Special Security Options: Joint Checks, Personal Guaranties, Letters of Credit
If you’re about to furnish to a construction project without bond claim or mechanics lien rights, you should consider additional security devices available to protect your rights to get paid.
Unlike mechanics lien and bond claim rights, special security devices do not arise by law, and therefore, you’ll need to negotiate these rights at the time of contracting.
Here are three popular security instruments you can contract into to protect your rights to payment.
Joint Check Agreements
What is a joint check agreement? It’s simply an agreement between two parties, whereby each agree that any payments to one will be made by issuing a check with both parties names on it.
In the construction industry, joint check agreements are popular. A typical scenario is when a material supplier and a subcontractor enter into a joint check agreement, and any payments from the prime contractor to the subcontractor will list the material supplier on the check. This ensures that the material supplier isn’t cut out of any payments, and that the subcontractor does not misappropriate any payment funds.

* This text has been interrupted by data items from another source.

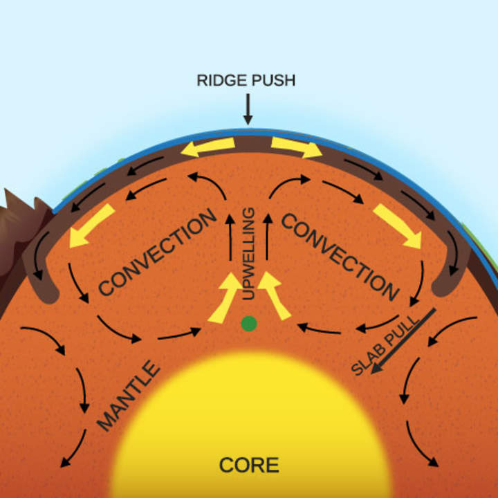 Las placas tectónicas que forman la corteza terrestre están en movimiento. El movimiento es causado por las células de convección que ocurren cuando el material caliente se eleva y el material frío se hunde en un patrón circular. Arrastre el punto verde hacia arriba para demostrar la corriente ascendente. Tenga en cuenta el movimiento de las celdas de convección.
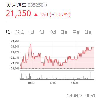 9/2일 현재 강원랜드 1주 가격이 21,350원 이다. 보통 2만원 ~ 3만원 사이를 왔다갔다 하나..최근 코로나 여파로 하락된 추세이다.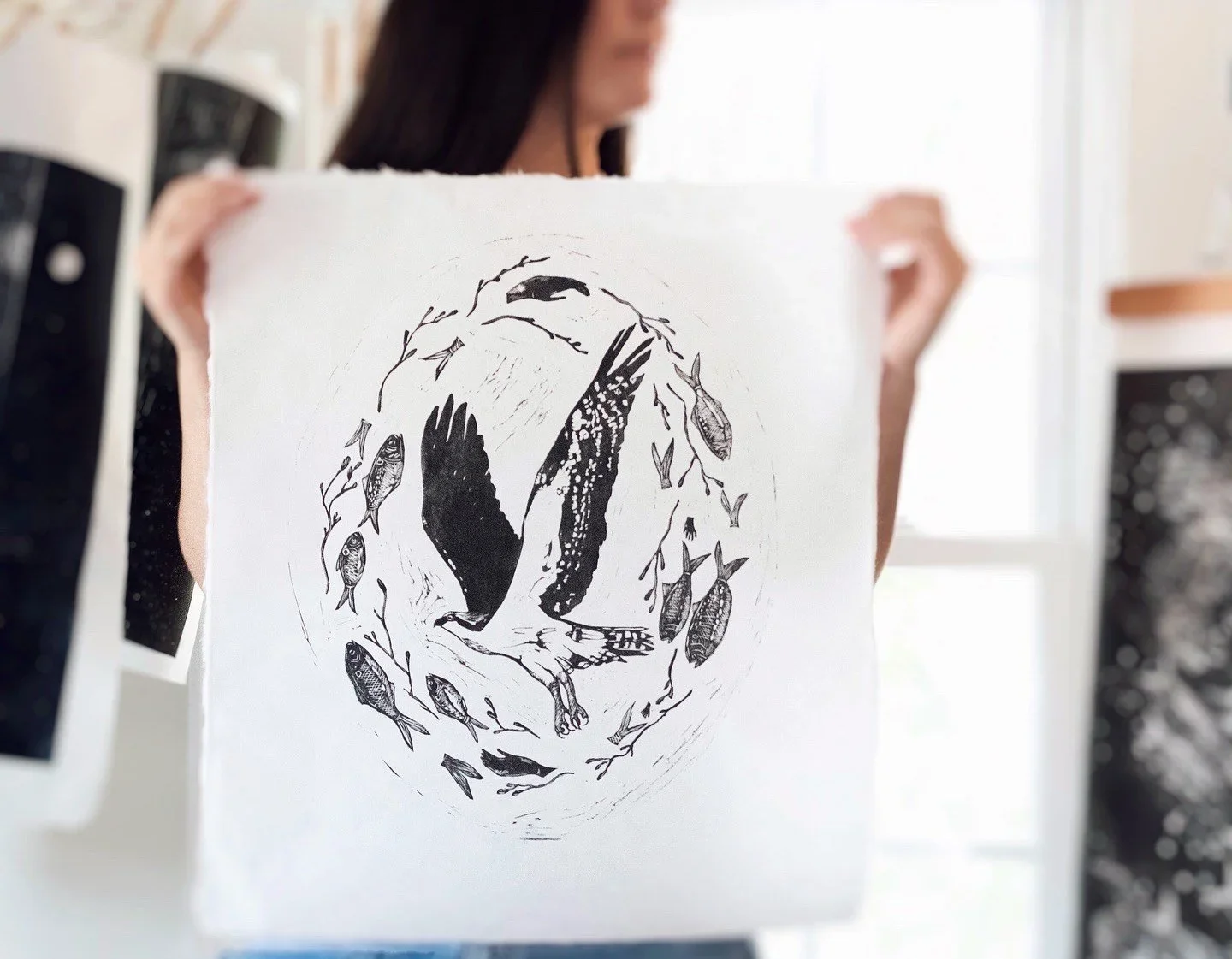 This hand-carved print features Osprey, Menhaden, and Widgeon grass woven together to honor the life and movement of the Chesapeake Bay. Each piece is printed by hand on archival paper and shipped once the ink is dry. Be sure to explore the rest of the shop!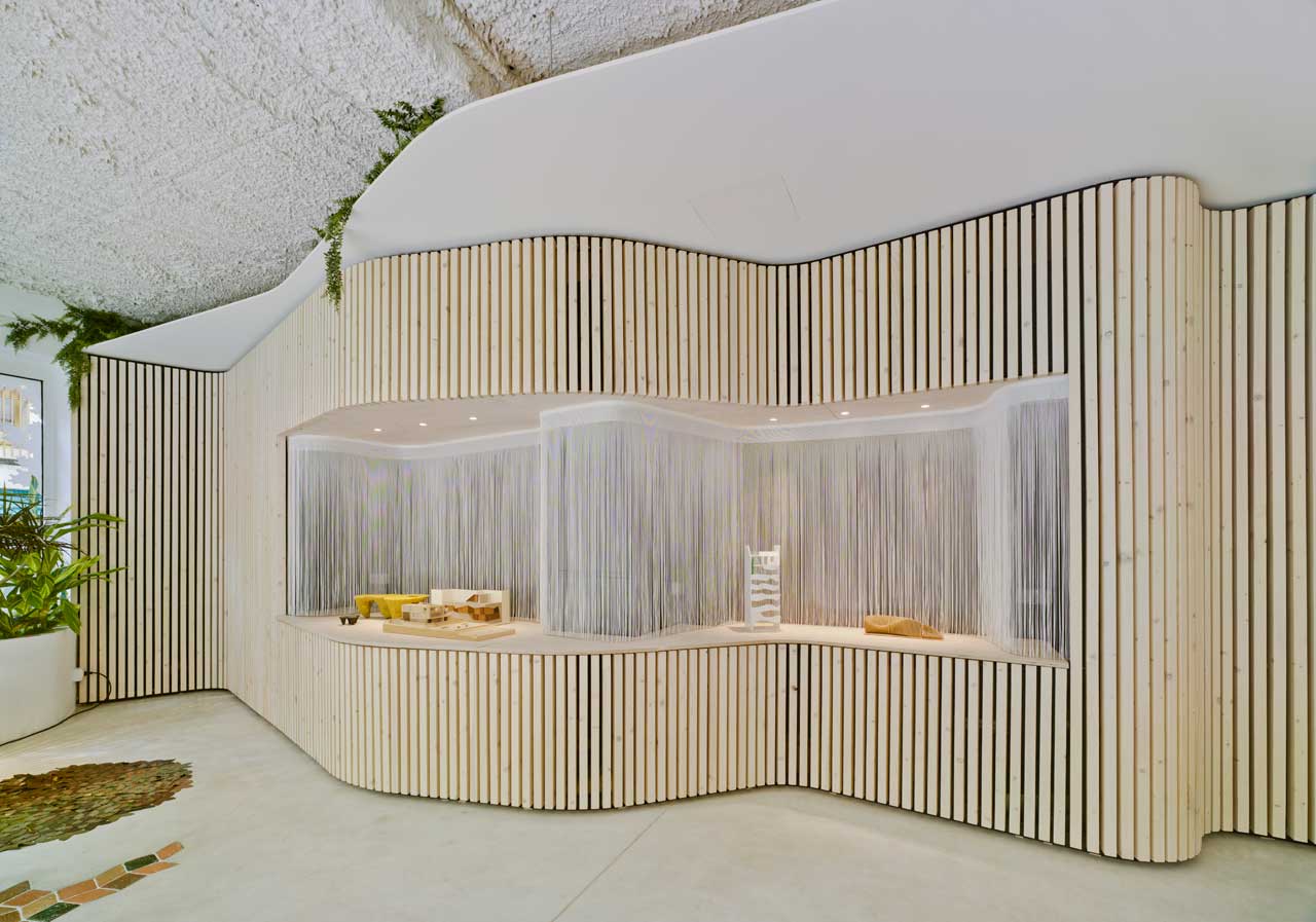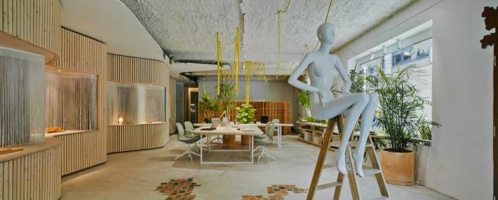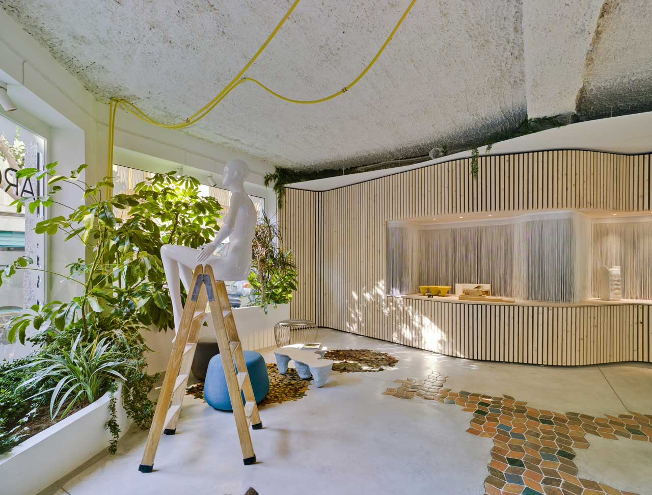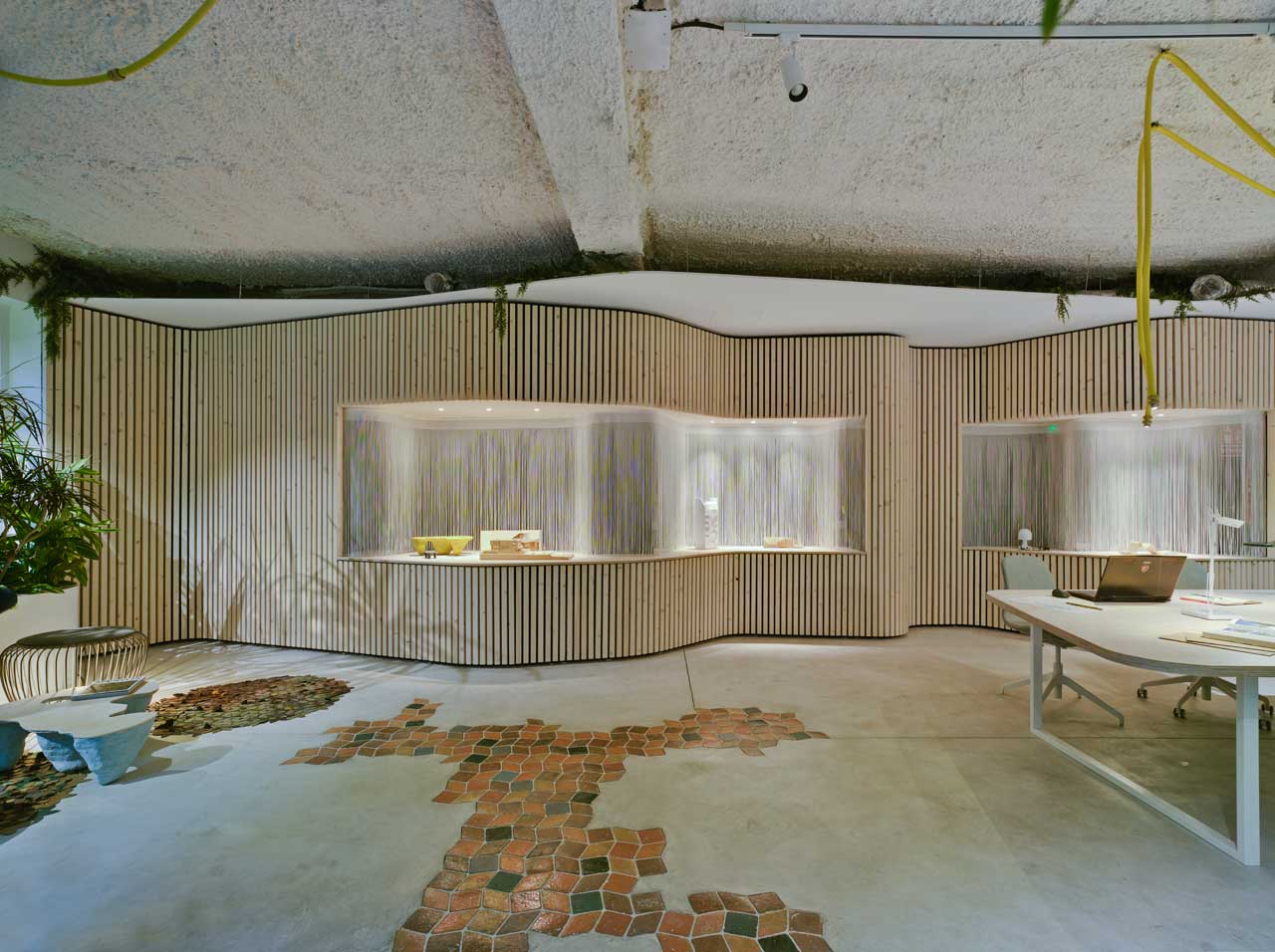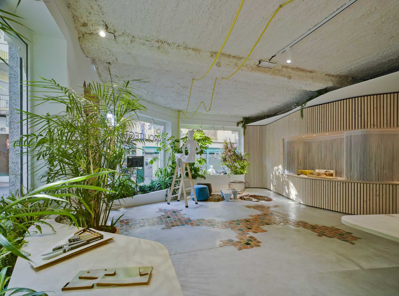 今天分享的是班牙WOHA新工作室,Antonio Maciá 设计的WOHA是他们位于西班牙埃尔切的新工作室。其概念是设计一个类似“室内庭院”的空间,其中包括一系列元素:花盆,工作台,装置,储藏室,陶瓷墙和卫生间。在窗户前,一系列的花盆围绕着四周排列,作为勾勒“天井”的一种方式,同时可以让植物吸收阳光。随着时间的推移,这些植物会像在户外一样生长并改变办公室的外观。垂直的松条形成了一个波浪状的墙壁,后面有一个白色的帘子,用来掩盖存储区域。天花板上挂着一系列黄色的水管,为植物提供水源。一面陶瓷墙为办公室后面的会议室提供了隐私。地毯有助于吸收声音,因此空间不需要关闭。一起欣赏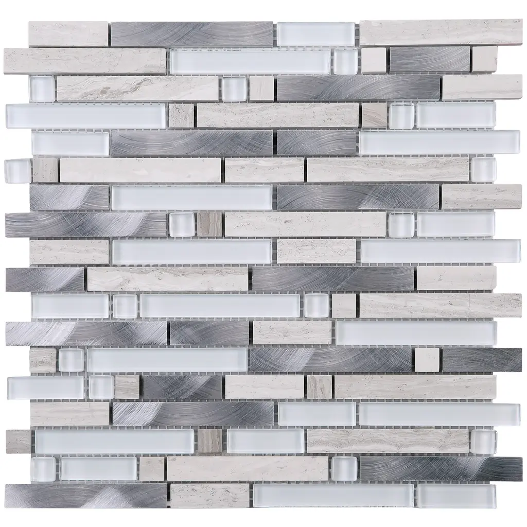 Tile Generation Series Thread Random Sized Mosaic Tile in Beige/White Wall Tile features glossy and matte metal look linear design. High-quality glass,marble and aluminum transforms your home into a magnificent space. The random linear creates beautiful layouts and designs when mixed and matched with other colors. It also features Low-maintenance and easy clean will make your life so much easier. This premium tile is an ideal and elegant look to your living room, kitchen and bathroom. Details The images have already display the most accurate color. However, color variation may still accurate due to the difference in computer monitor screen. All order will be shipped within 1-2 business days except large quantity order which is over 300 lbs will ship via freight carrier which might expect longer shipping time frame. Each item within an order will be selected from the same lot number which has no color or size variation, but multiple orders may cause receiving multiple lots of products. Please ensure that all tiles for a project is ordered within one order. If any reorder please email us by providing original order number to ensure receiving the same lot of product.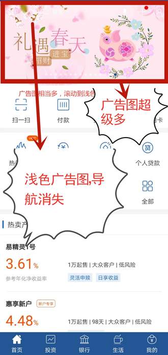 上海银行APP采用了底边栏+侧边栏的整体交互模式,底边栏分为“首页、投资、银行、生活、我的”5个风格比较统一的栏目页。不过,APP首页顶部滚动广告占比不小,且数量有17条之多,如果广告图底色浅会看不到上方导航键。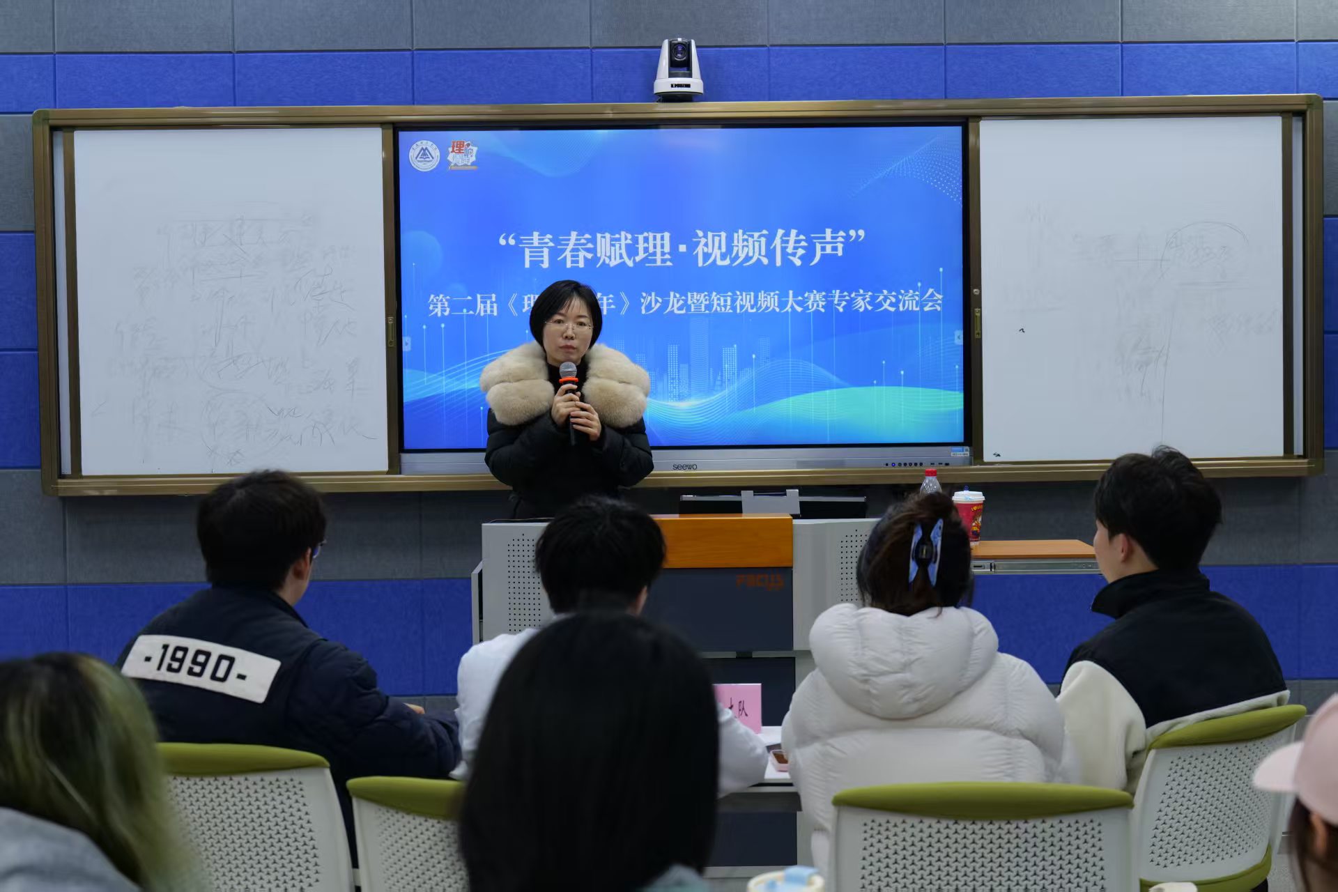 当思想的火花遇见短视频的镜头,当青春的热血融入理论的深度,就共同开启了一场关于真理与表达的对话。12月19日下午14:30,以“青春赋理,视频传声”为主题的第二届《理响青年》短视频大赛的创作实践与理论探索活动在我校教学楼1220举行。本次活动的出席嘉宾有重庆日报思想周刊主任编辑侯金亮、重庆日报思想周刊编辑徐双双、重庆日报思想周刊编辑胡渝、校党委宣传部部长姚转花、新媒体艺术学院专职教师张文博以及各学院学生代表。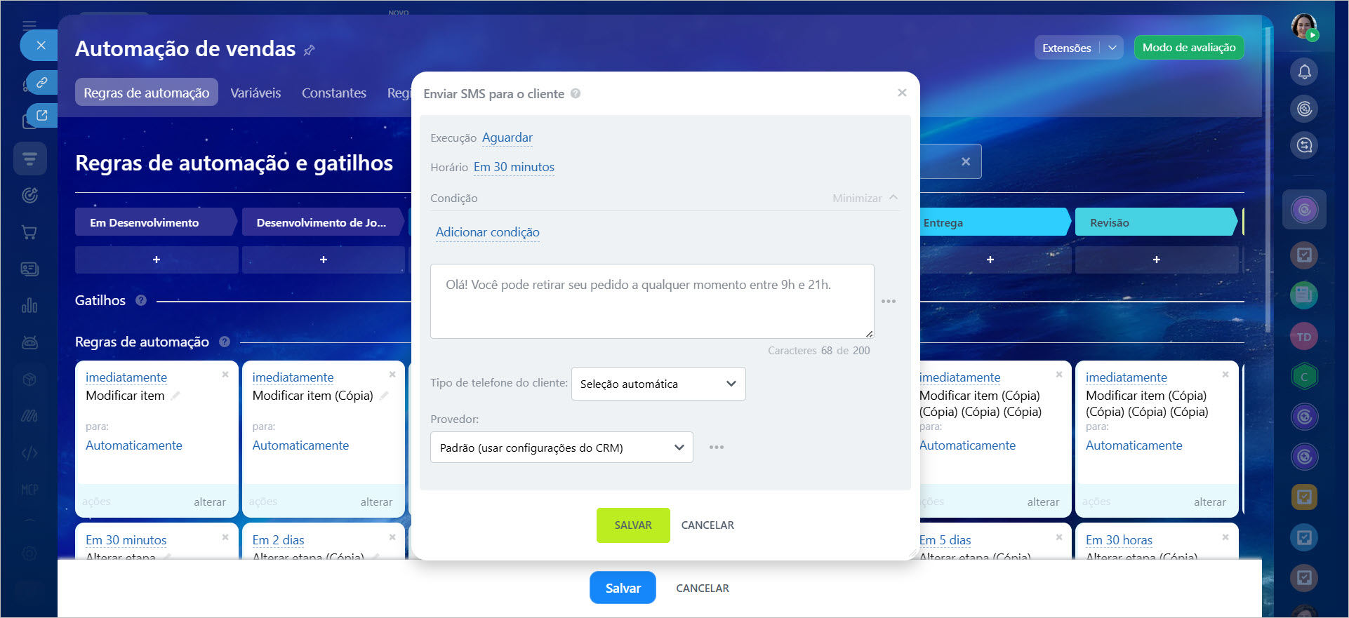 Por exemplo, sua empresa trabalha com reparos de automóveis. Para otimizar o trabalho da equipe, configure uma regra de automação que envie SMS automaticamente aos clientes. Pode ser uma mensagem informando que o carro está pronto para ser retirado. Para isso, configure a regra de automação na etapa desejada e mova o negócio para ela.

Joint check agreements should always be in writing. While they may be effective in some states if agreed to orally…good luck proving it! Also, while it’s best to enter into joint check agreements at the beginning of a project, these agreements can be entered into at anytime. They very commonly get executed when a material supplier begins to have credit concerns about a subcontractor, well after first furnishing.
To ensure compliance, it is best to get the paying party (i.e. the prime contractor) to sign on and agree to the joint check agreement. At the very least, make sure the paying party has a copy of your written agreement.
Doing business with an organization is usually just fine. However, if you’re working with a small closely-held corporation or business entity, you should be cautious because that company can quickly shut down and leave its creditors hanging.
In these situations, you’ll want to consider requiring the company’s shareholders or members to sign a “personal guaranty,” which simply means that if the company doesn’t pay the debt, you can seek payment directly from the shareholder or member individually. This is not a guarantee for payment, but it can be very helpful when negotiating your debt if a company is tight on cash.
Letters of Credit
Finally, a letter of credit is a terrific security tool if you can get it. Wikipedia has a great definition:
A letter of credit is a document that a financial institution or similar party issues to a seller of goods or services which provides that the issuer will pay the seller for goods or services the seller delivers to a third-party buyer. The issuer then seeks reimbursement from the buyer or from the buyer’s bank. The document serves essentially as a guarantee to the seller that it will be paid by the issuer of the letter of credit regardless of whether the buyer ultimately fails to pay. In this way, the risk that the buyer will fail to pay is transferred from the seller to the letter of credit’s issuer.
You can furnish materials or labor without much concern if you can get a letter of credit from your customers bank or some other reputable and reliable company.